The select period (duration since underwriting) determines which column is used. Once the
select period is exhausted (\(d \ge \text{select_period} + \text{start_duration}\)) the
ultimate column applies. The duration parameter selects the column at construction time
(see duration indexing conventions above).
from lactuca import LifeTable, DisabilityTable, ExitTable
am92_d0 = LifeTable("AM92_AF92", "m", duration=0)
am92_ult = LifeTable("AM92_AF92", "m", duration="ult")
# Disability select-ultimate (select_period=2, standard convention: duration-1 to "ult")
sd_sel1 = DisabilityTable("DummySD_Select", "m", duration=1)

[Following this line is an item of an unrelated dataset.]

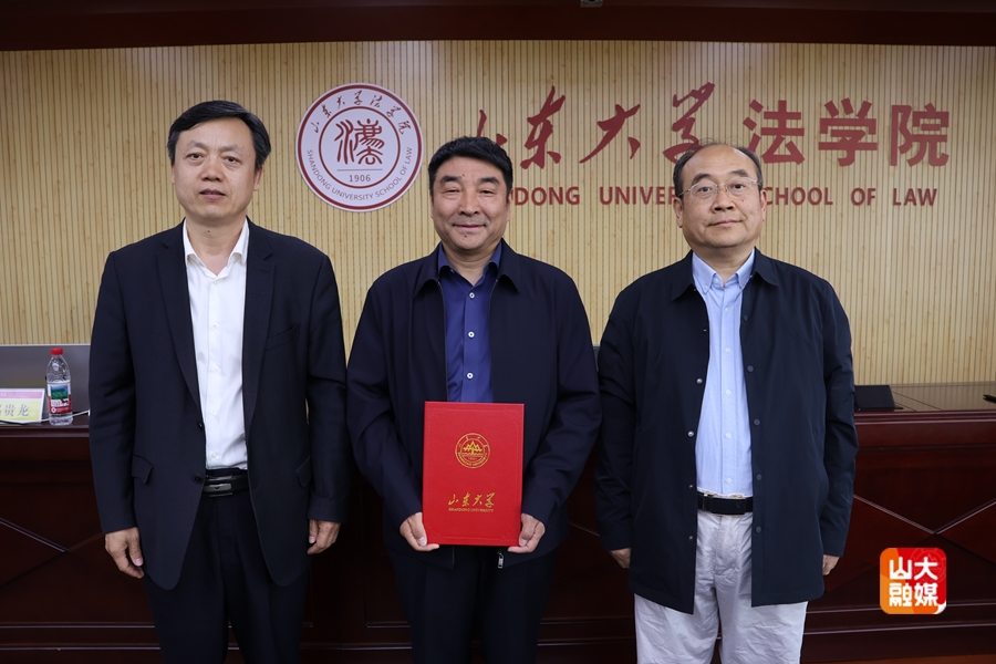 周长军为赵贵龙颁发山东大学司法学研究中心特聘研究员的聘书。赵贵龙表示,将以研究中心为平台,把审判一线真实问题转化为研究课题,推动理论实务双向联动,参与法治人才培养,深耕结构司法学研究。

sd_ult = DisabilityTable("DummySD_Select", "m", duration="ult")
# Exit select-ultimate (select_period=2, standard convention: duration-1 to "ult")

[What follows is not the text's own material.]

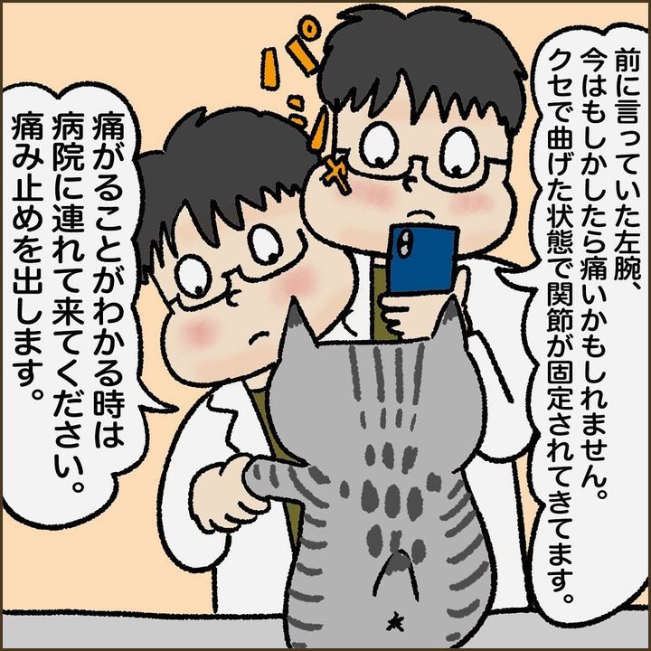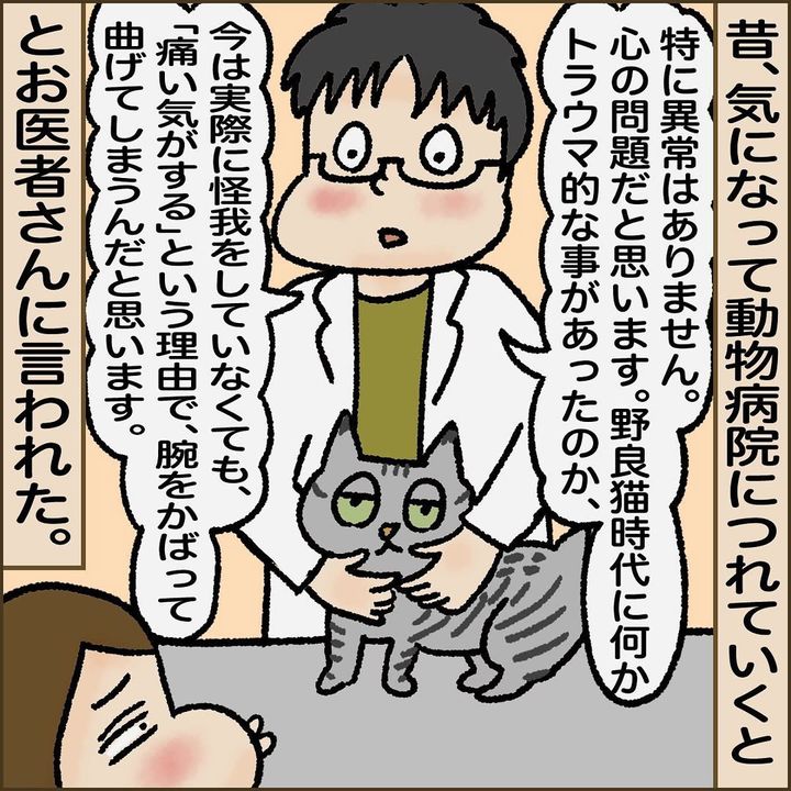 2. 左腕を曲げる変なクセがあるネコ→病院へ連れていくと、発覚した事実に「一緒に頑張っていこう」

ex_sel1 = ExitTable("DummyEXIT_Select", "m", duration=1)
ex_ult = ExitTable("DummyEXIT_Select", "m", duration="ult")
Select-Ultimate – Generational#
Select-ultimate tables with improvement factors behave like their aggregate counterparts. The key distinction is whether MI factors are applied uniformly across all select durations (sub-types a–c) or independently per duration (sub-type d).
a) Constant improvement factors — cohort projection#
Flat improvement columns (mi_m, mi_f) applied uniformly to all durations. Three
projection formulas are available (exponential_improvement, linear_improvement,
discrete_improvement); each duration uses the same MI vector.

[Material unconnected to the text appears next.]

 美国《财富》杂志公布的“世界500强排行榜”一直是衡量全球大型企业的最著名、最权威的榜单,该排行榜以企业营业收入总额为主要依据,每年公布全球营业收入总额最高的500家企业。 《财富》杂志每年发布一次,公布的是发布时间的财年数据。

from lactuca import LifeTable, DisabilityTable, ExitTable
# Life
dav_su = LifeTable("DAV2004R_SelUlt_1o", "m", cohort=1960, duration=2)
print(dav_su.summary())
# Disability — constant exponential MI, uniform across select durations
sd_sa = DisabilityTable("DummySD_SelectGen_a", "m", cohort=1970, duration=1)
# Exit — constant exponential MI, uniform across select durations
ex_sa = ExitTable("DummyEXIT_SelectGen_a", "m", cohort=1970, duration=1)
b) Year-indexed improvement grid — cohort projection#
Annual improvement grid (mi_m_YYYY, mi_f_YYYY) applied uniformly to all durations.
Three projection formulas are available (exponential_improvement, linear_improvement,
discrete_improvement). Projection diagonal: \(t = \text{cohort} + x\).
from lactuca import LifeTable, DisabilityTable, ExitTable
# Life
dav_su2 = LifeTable("DAV2004R_SelUlt_2o", "m", cohort=1960, duration=2)
print(dav_su2.metadata['generational_formula_type']) # 'exponential_improvement'
# Disability — year-indexed MI, uniform across select durations
sd_sb = DisabilityTable("DummySD_SelectGen_b", "m", cohort=1970, duration=1)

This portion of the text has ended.